When you demonstrate positive mental health practices, you assure students that mental and emotional well-being is possible.

Modeling mental health for students


When you demonstrate positive mental health practices, you assure students that mental and emotional well-being is possible

Key points:

Student mental health is suffering. Mental health is being recognized as a key area of concern for young people, including on college campuses. Alarmingly, half of college students identify mental struggles as one of their top stressors. The pressure has led 40 percent of undergraduates to consider dropping out. Administrators must find ways to support students holistically. Neglecting mental health needs will have devastating results on your students today and alumni tomorrow.

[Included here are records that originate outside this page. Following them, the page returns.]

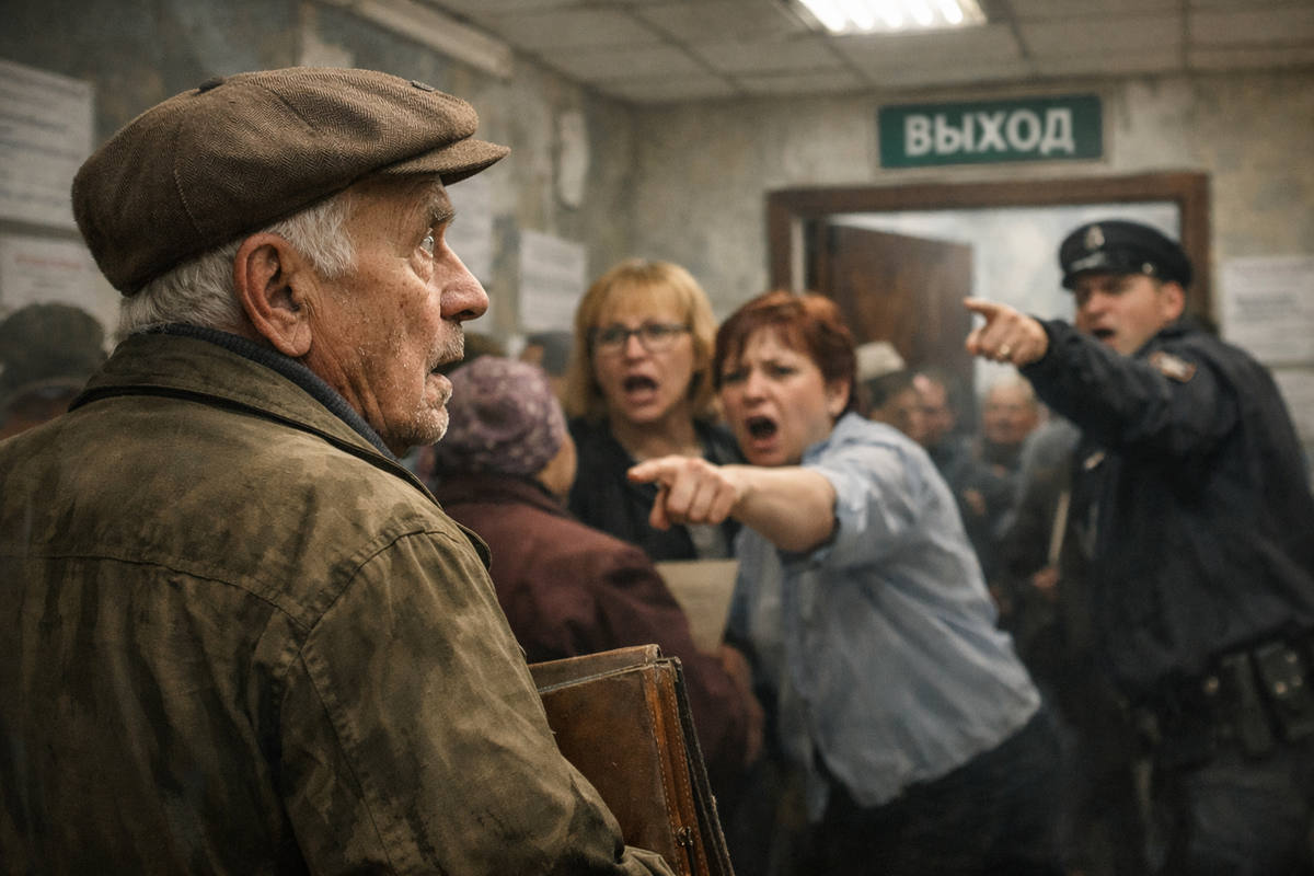 Внутри было тесно и душно. Через стеклянную перегородку слышались голоса сотрудников — резкие, уставшие, раздражённые. Уже через несколько минут из зала вышла пожилая женщина со слезами. Она пыталась что-то сказать охраннику, но тот отвернулся. Иван Петрович это заметил. Он вообще стал замечать многое. Как людям не объясняют, а отмахиваются. Как на вопросы отвечают так, будто делают одолжение. Как одного мужчину отправили «документы переделывать», не объяснив, что именно не так. Когда очередь дошла до Ивана Петровича, он зашёл спокойно, без суеты, и протянул папку.
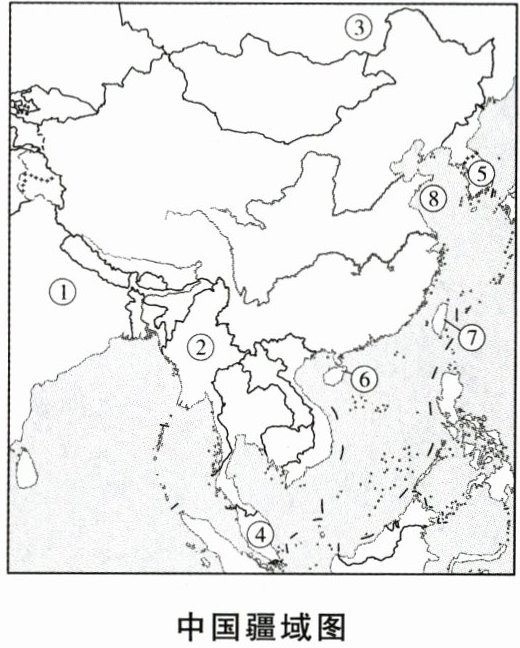 (2) 填出图中数码代号所表示的我国邻国、岛屿、濒临海洋的名称。
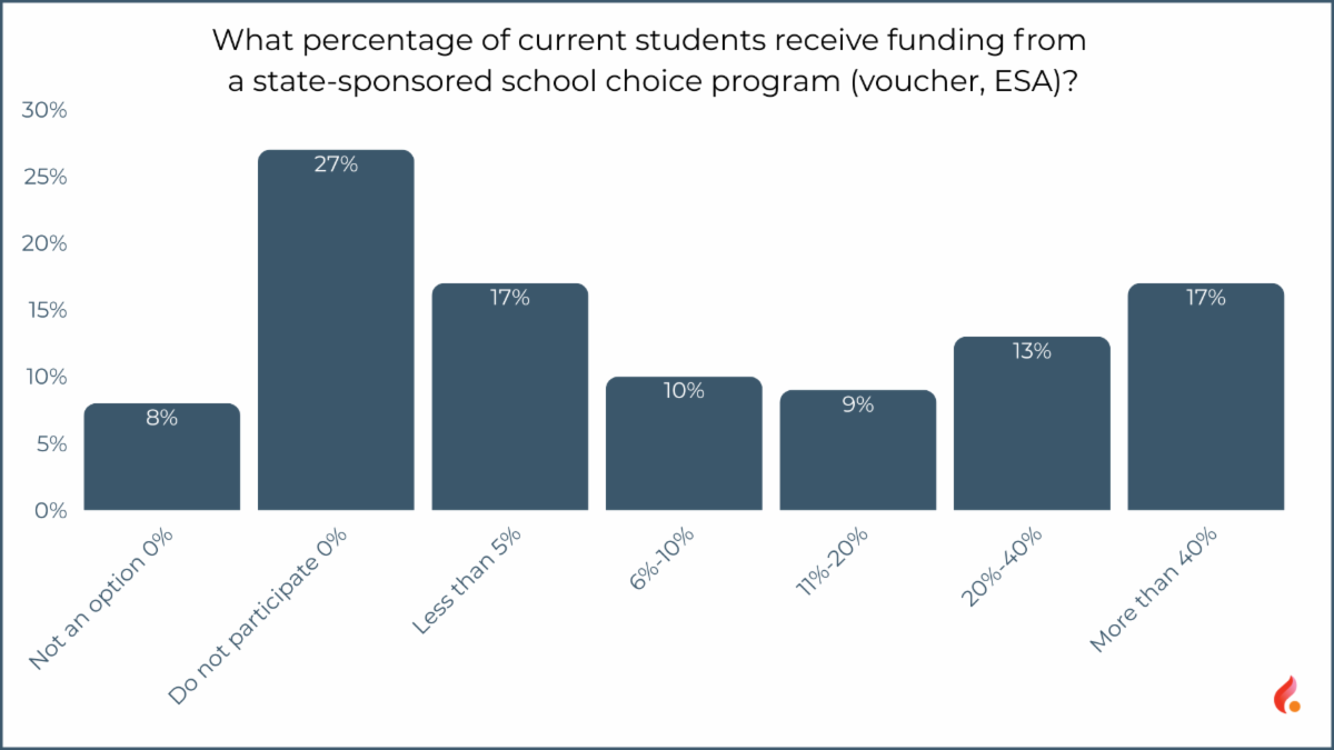 Schools with high student participation rates (20-40%) in school choice programs increased from 4% to 13%, while those with 40% or higher participation more than tripled from 5% to 17%. Notably, smaller schools show the highest voucher and ESA participation rates, with 28% of small schools reporting that more than 40% of their students receive funding from state-sponsored school choice programs, doubling the 14% reported in 2024.

May is Mental Health Awareness Month, a time set aside to consider the importance of attending to emotional well-being. Mental health—and mental illness—is invisible. You can’t see an X-ray of anxiety or a biopsy of depression. This makes it easy to overlook—until there is a problem. Mental Health Awareness Month encourages us to be honest with ourselves and have conversations with one another about mental health. It is a strategic time for leaders in higher education to innovate and implement supports for emotional well-being. On-campus resources, such as counselors and support groups, are fundamental. However, our responses cannot be only programmatic, they must also be personal.

College is a foundation time, not only of acquiring knowledge, but also of establishing habits that will last for a lifetime. This is why some colleges require all students to take a financial literacy course, physical fitness credit, or a class in music appreciation. If we don’t establish positive patterns early in adulthood, it will only get harder to do so—if it ever happens at all. In addition to conveying concepts and competencies, faculty and staff in higher education also have an unparalleled opportunity to shape the character and habits of students. These life-rhythms cannot be learned exclusively through classroom content. They must be mirrored by the character of the faculty, staff, and administrators on campus. One of the biggest gifts we can give young adults is to model the traits they will need to thrive throughout their lives and careers.

Focus is freedom

There is one essential characteristic students need to see you practice: knowing your role. This trait is often phrased negatively as “practicing saying no.” However, that is an incomplete picture of a robust trait. When you accurately understand your role in an organization, you know what things are your responsibilities and what aren’t. You can be centered on the proper tasks, motivated by healthy priorities. An accurate picture of your role enables you to say an enthusiastic “yes!” to the things within your scope that support your organization. It also frees you to say a clear and cheerful, “no, thank you,” when things fall outside of what is appropriate for your sphere. When you are rooted in your values, focused on your institution’s mission, and appreciate your team, you can understand your role in context. You don’t need to be sidetracked by distractions. You can fully engage your responsibilities and achieve strong outcomes.

Balance, not burnout

Burnout is often preceded by the erroneous idea that everything rests on you. When you understand that you are one integral part of a dynamic system, you can support others without overextending yourself. Knowing your role frees you to depend on others and ask for help when you need it. Your focus enables your colleagues to better understand your role and work alongside you in the mission of your organization. In the end, knowing your role fuels you to achieve more because you devote your energy to the things you should, rather than getting bogged down by tasks outside your purview. Like athletes with a clearly defined playing field, you know where to aim your skill and collaboration.

A recent survey of college students listed work-life balance as a top career priority—beating out salary. Young people recognize that workaholism is not sustainable. It will sap their joy, deteriorate their mental health, cost their relationships, and sabotage their career longevity. Work-life balance is an outcome. Knowing your role is the trait that enables professionals to achieve that outcome. When you practice the ambition, humility, and joy of knowing your role, you are modeling for students a foundational mental health practice that will serve their emotional well-being for the entire arc of their career.

All of the worthwhile mental health programming on your campus will be undercut if there is a culture of performance at all costs. The beneficial conversations you have during Mental Health Awareness Month must be backed up by the lifestyles of leaders on campus year-round. When you demonstrate positive mental health practices, you assure students that mental and emotional well-being is possible and sustainable.